We decided to buy Ben his own wheelchair this past summer. Annual visits to New York City to see Ben’s specialists, which we combine with a family trip to see the sights, led us to get the chair to avoid dragging him on an unrelenting march across Manhattan in 90 degree heat.
Recently we were in a Smithsonian Museum to see an I-Max movie. We forgot our wheelchair but came across the ones for lending in the museum. It occurred to me as we pushed Ben around that this was a good thing for him. He seemed so much more engaged in the environment as he comfortably sat in the wheelchair, instead of dragging around, squatting every few steps to rest. And because it was more pleasant for him, it was more pleasant for us. We could enjoy his company instead of being dragged down by it.
A person can learn to accept a lot, as time goes on.
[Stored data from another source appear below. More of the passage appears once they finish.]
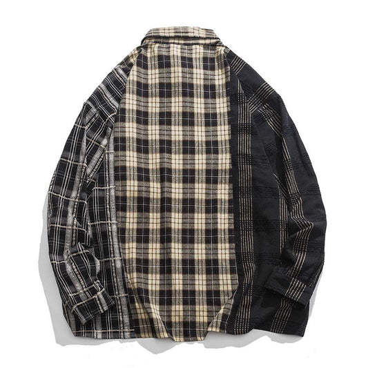 5種類チェック柄カジュアル パッチワークシャツ
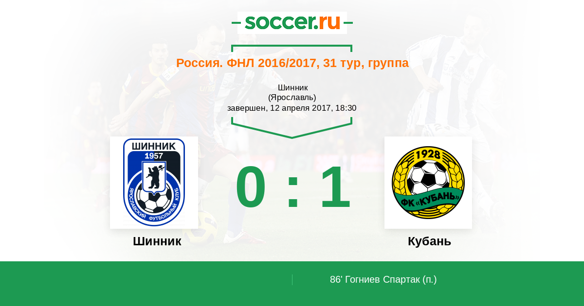 Протокол матча Шинник против Кубань
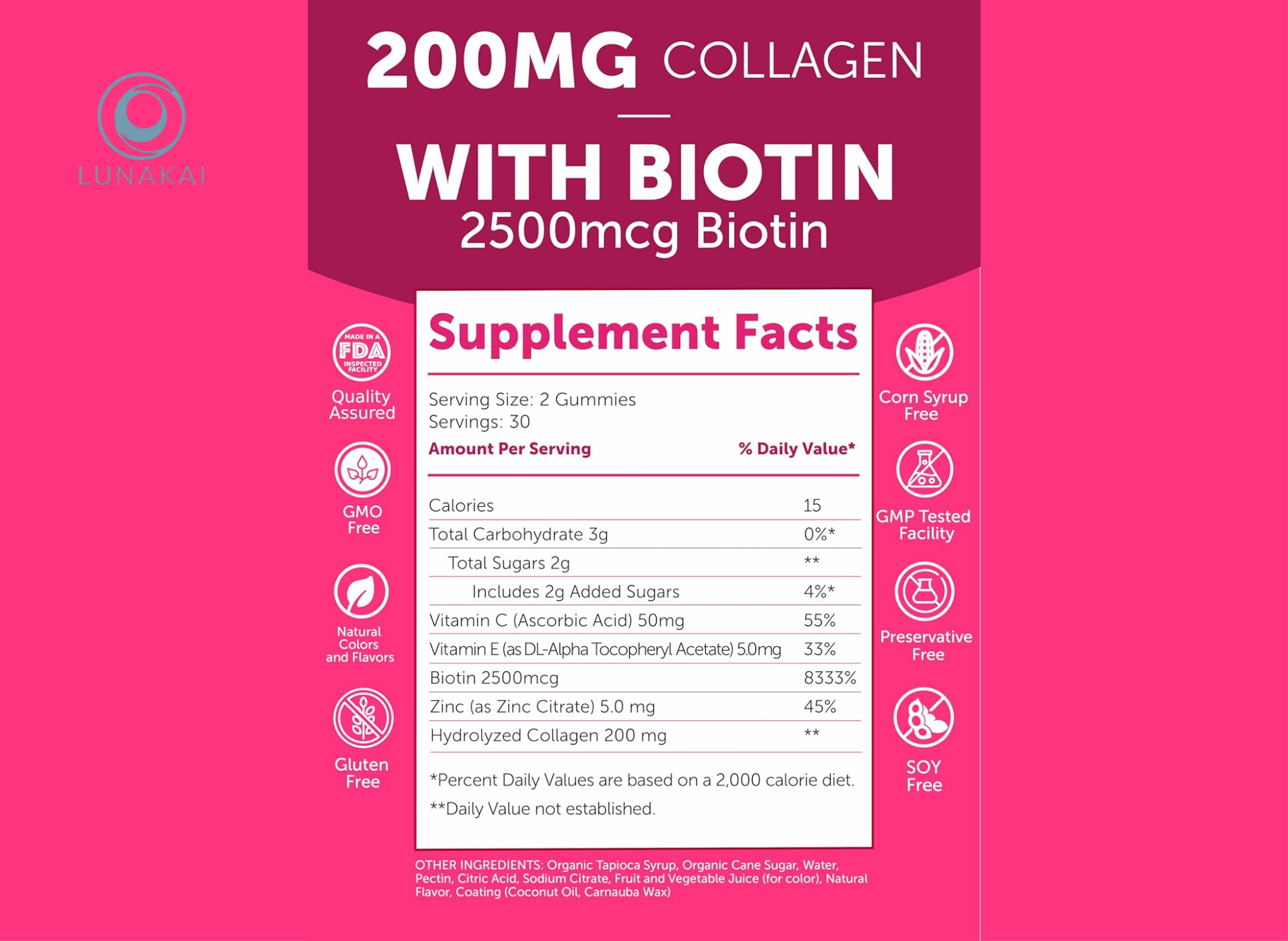 - Non-GMO: Lunakai collagen gummies are made with non-GMO ingredients, ensuring a clean and high-quality supplement.
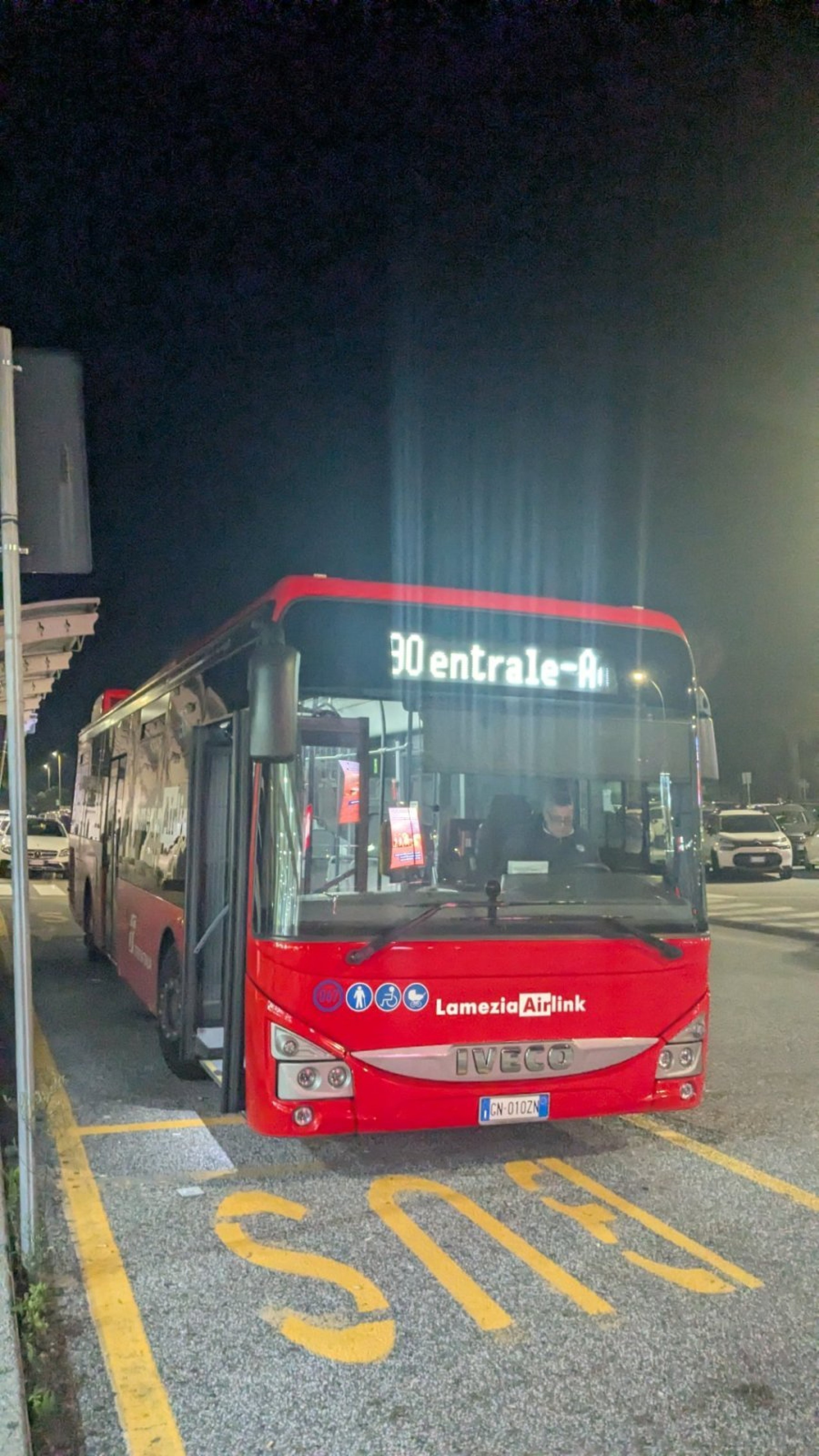 Nors paskutinis 90 linijos maršrutas iš oro uosto į traukinių stotį išvyksta tik 23:15, paskutinis autobusas iš stoties į Lamezia Terme centrą išvyksta apie 22:20. Po šio laiko į centrą galite vykti tik taksi.
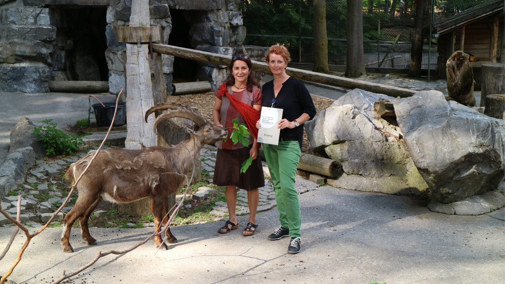 Tierpflegerin Sabine Matt-Schönwetter und Angelika Anderele übernahmen die Patenschaft für die Steingeiß „IBEX“.
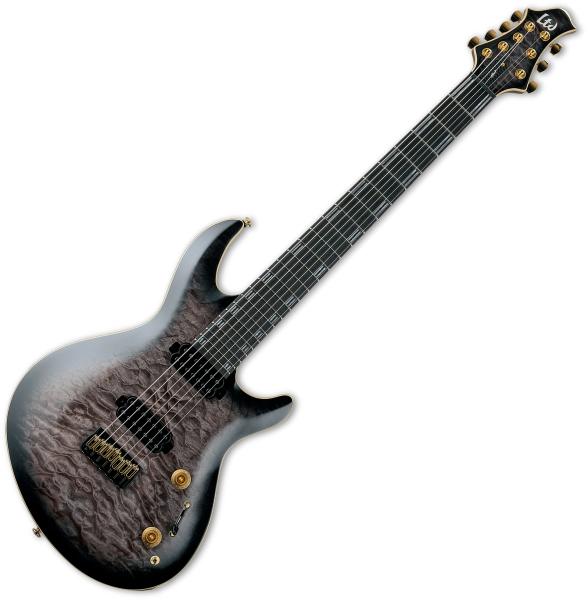 Introduced in 2021, the LTD Signature Javier Reyes JR-7 is a 7-string version of Javier’s well-known 27” baritone scale ESP signature guitar. It offers neck-thru-body construction for stability and sustain, a swamp ash body, quilted maple top, and a 5-piece walnut/maple/padauk neck with Macassar ebony fingerboard. It features a custom inlay pattern in white pearloid, 24 extra-jumbo frets, and glow-in-the-dark side markers.
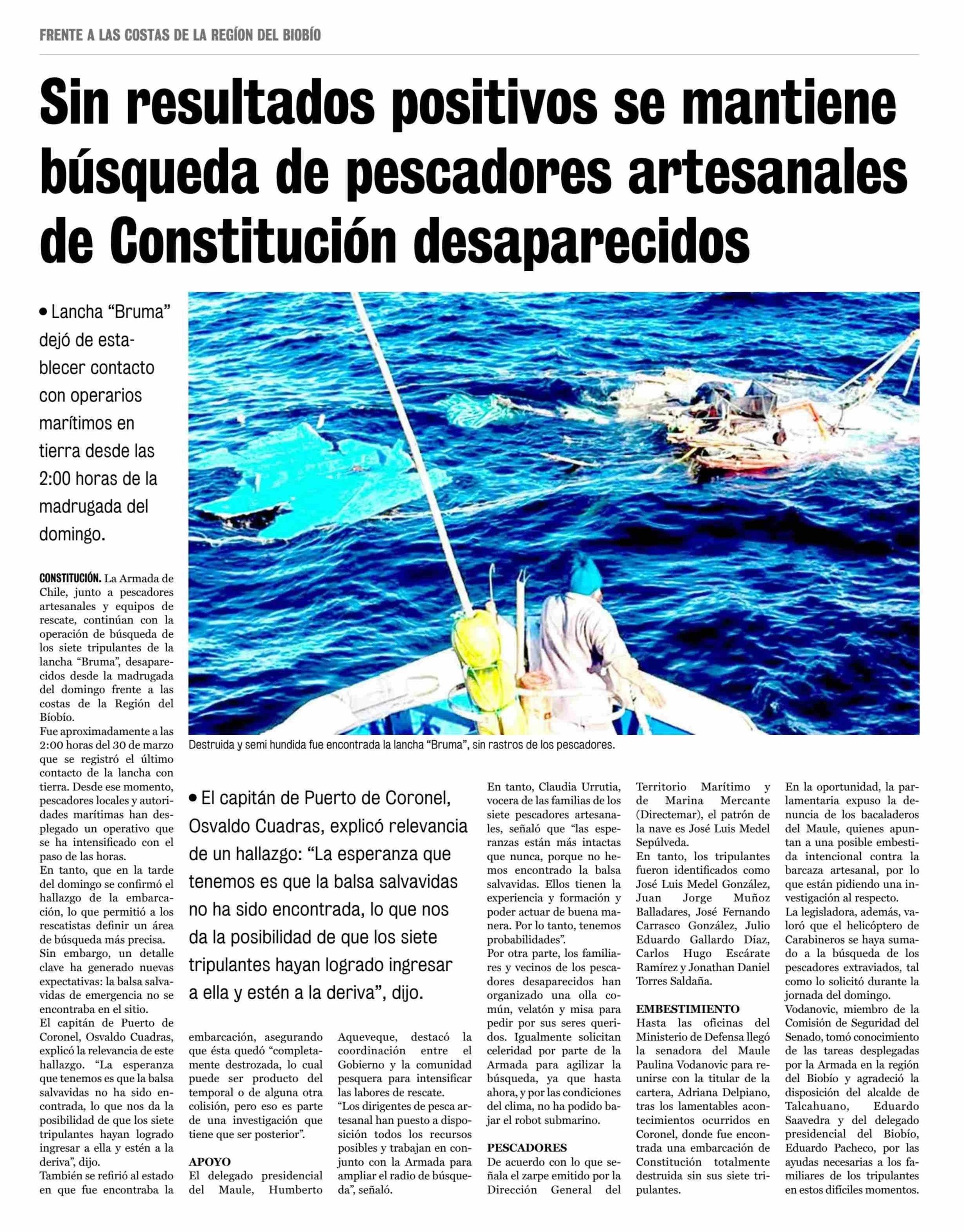 Sin resultados positivos se mantiene búsqueda de pescadores artesanales de Constitución desaparecidos 01-04-2025 La Prensa de Curicó |
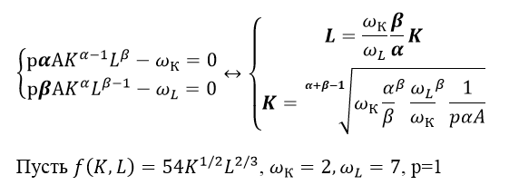 В модели фирмы с производственной функцией Кобба-Дугласа f(K,L)=AK^α L^β затраты капитала обозначены через К, затраты труда через L. Цены единицы ресурсов равны ω_К, K-ω_L соответственно,
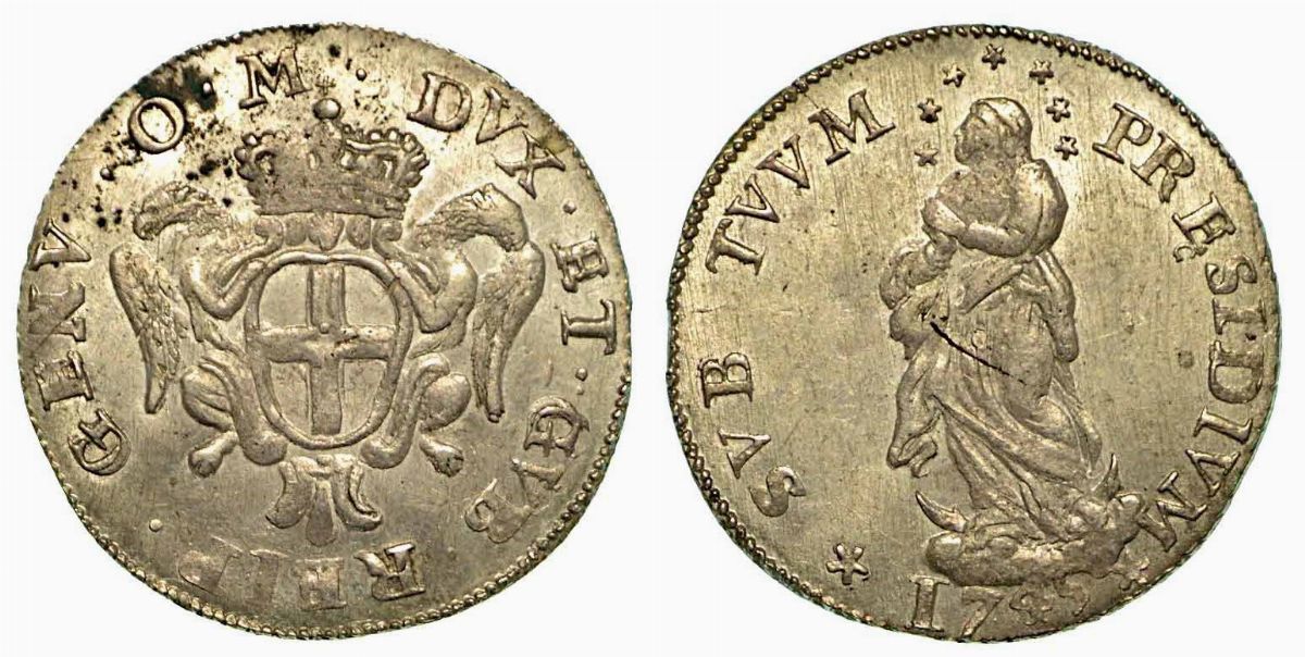 Stemma coronato sorretto da due grifoni. R/ La Beata Vergine su crescente e nubi; sotto, 1745. CNI 2. Lunardi 333. MIR 323/1. Arg. g. 4,55. SPL

The stares of others, wondering what’s wrong with your child. The curious questions about your son’s feeding tube. Ben’s siblings take it all in stride. I suppose they follow our lead, as we have always tried to be as normal a family as possible. We had two more children after Ben, so that he would be part of a “pack.” His siblings and our family’s circle of friends are his friends and his support system.
It’s not the family we envisioned, but it is ours and we love it….most of the time.